Continuity vs Change

The transition is designed for continuity. Ongoing works as on June 30, 2026 may continue under VB-G RAM G provisions and will be prioritised for completion. e-KYC verified MGNREGA job cards remain valid until new Gramin Rozgar Guarantee Cards are issued. The substantive change is the reorientation from a pure demand-driven safety net towards planned, convergence-led asset creation with an explicit climate-resilience focus.

Analysis and Way Forward

The recast carries genuine merit. Embedding extreme-weather mitigation as a dedicated thematic area institutionalises climate resilience into rural employment, the 125-day ceiling enlarges the safety net, and the convergence model can reduce the fragmentation that long plagued rural spending. Linking wages to durable, productive assets responds to a recurring critique that demand-driven works sometimes produced low-value outcomes.

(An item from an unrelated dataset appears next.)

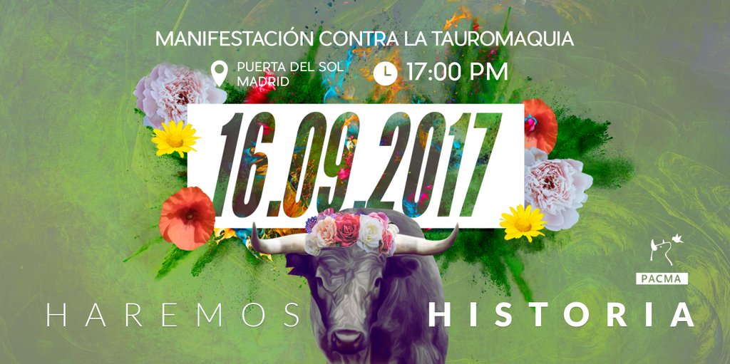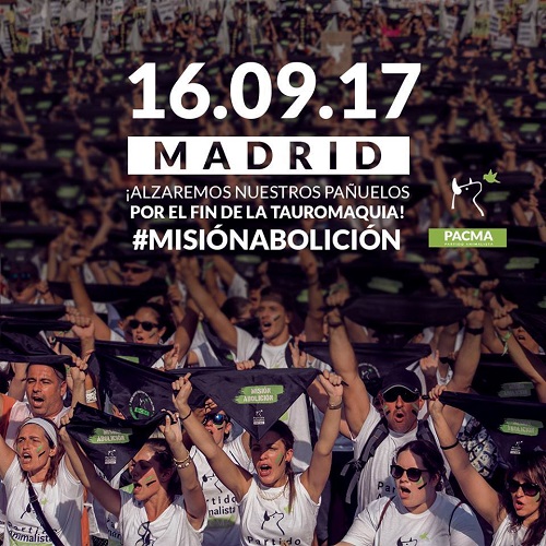 El Partido Animalista (PACMA) convoca una manifestación el sábado 16 de septiembre de 2017 en Madrid para exigir la abolición de los espectáculos taurinos en España.

The concerns, however, are structural and must be addressed:

  • Preserving the justiciable guarantee. MGNREGA’s power lay in being a legally enforceable right. The new framework must ensure the 125-day guarantee remains justiciable, not a target subject to administrative discretion or fund availability.
  • Social audits. The Gram Sabha social audit was a rare, working accountability tool. Its statutory continuity, independence and funding must be protected.
  • Wage-payment timelines. The 15-day payment rule and delay-compensation are central to worker trust. Any dilution risks reviving the wage-arrears problem.
  • Women’s participation. With women at ~55% of person-days under MGNREGA, the new work-mix and asset orientation must not inadvertently reduce the share of works accessible to women workers.

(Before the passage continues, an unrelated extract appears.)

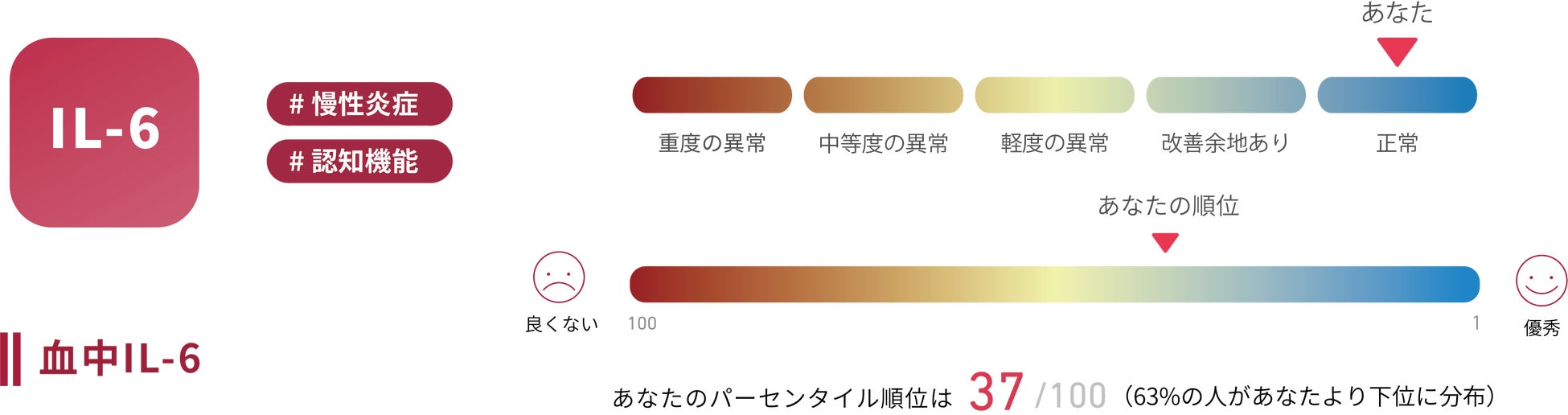 生物学的な老化と関連する可能性がある、生活習慣に関する指標や血液中のタンパク質の指標について、エピジェネティクスに基づく評価結果を把握できます。

Way forward: retain the demand-driven, rights-based core; codify social audit and the 15-day wage rule in subordinate rules; ensure transparent, real-time MIS continuity; and finalise Schedule I with adequate State consultation so local needs and women-friendly works are protected.

UPSC Relevance

  • GS Paper 2 (Welfare Schemes / Governance): rights-based welfare, justiciability of statutory guarantees, social audit as an accountability mechanism, Centre-State convergence.
  • GS Paper 3 (Rural Economy / Employment): rural wage employment, asset creation, climate-resilient infrastructure, “Single Plan - Multi Funding” convergence model.
  • Mains angle: “Evaluate the shift from a demand-driven employment guarantee (MGNREGA) to an asset- and climate-oriented framework (VB-G RAM G). Does it strengthen or dilute the rights-based architecture of rural welfare?”
  • Prelims angle: year of enactment, commencement date, guaranteed days, four thematic areas, repeal of MGNREGA 2005.

Facts Corner

📌 Facts Corner, Knowledgepedia

  • Full name: Viksit Bharat - Guarantee for Rozgar and Ajeevika Mission (Gramin) Act, 2025 (VB-G RAM G Act).
  • Commencement: July 1, 2026, across all rural areas of India.
  • Repeals: Mahatma Gandhi National Rural Employment Guarantee Act, 2005 (MGNREGA).
  • Guaranteed employment: 125 days per rural household per financial year (up from 100 days).
  • Permissible works: interim list of 318 works notified by the Department of Rural Development.
  • Four thematic focus areas: Water Security; Core Rural Infrastructure; Rural Livelihoods; Special Works for Mitigation of Extreme Weather Events.
  • Approach: “Single Plan - Multi Funding” convergence model, aligned to Viksit Bharat @2047.
  • Nodal: Department of Rural Development, Ministry of Rural Development.